You can still buy sets off of their website, but that's it


----------



## mopac (Feb 24, 2011)

No, not much for our hobby at hobby lobby. I don't think walmart
right now are selling any 1/87 cars. I found a plastic bag down
staires just yesterday with these in it. They were from walmart.
Still had the reciepts in the bag. I paid $2.22 each for them. First
is a fresh cherry and the others are malibu.

'81 escort









'72 chevy pu









'70 GTO









'77 trans am


----------



## shaygetz (Sep 23, 2007)

Hey, Mopac...you gotta pose than Trans Am right....


----------



## mopac (Feb 24, 2011)

Nice. That does look better.


----------



## alocsin (Jun 26, 2011)

At the 99 Cent store, I occasionally come across small cars that can pass for 1/87. They don't have much detail but at the price for six or seven, they're great for filling in background spaces.
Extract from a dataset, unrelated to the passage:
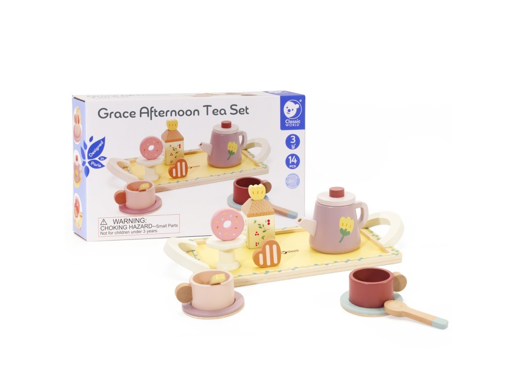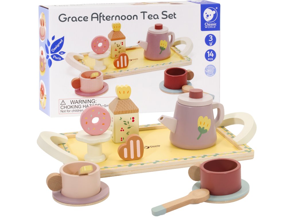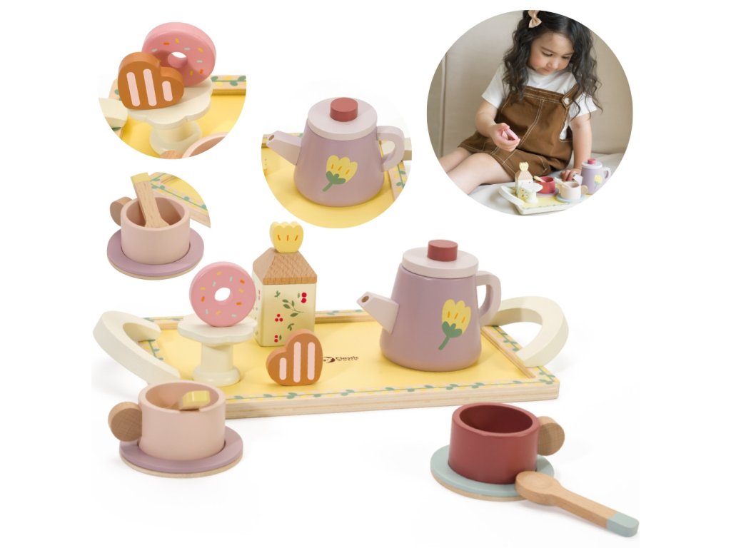 Drevené súprava pre čaje idezerty z adresyKLASICKÝ SVETje skvelou voľbou pre deti, ktoré chcú preberať rôzne úlohy v každodennom živote. Očarujúce pastelové farby vaše dieťa potešia a doplnky, ako napr.čajová kanvica,šálky adezerty stimulovaťpredstavivosť a tvorivosť Vaše dieťatko.

Adding a bit of paint improves them quite a bit. Bringing a scale HO car would be good in such cases.


----------



## Smokinapankake (Sep 8, 2011)

I gotta echo the comment on Fresh Cherries. Walmart had them a few years ago at about 3 bucks each. Nicely detailed and were 1:87 as well. Mostly '70's vehicles as I recall but I haven't seen them for some time...


----------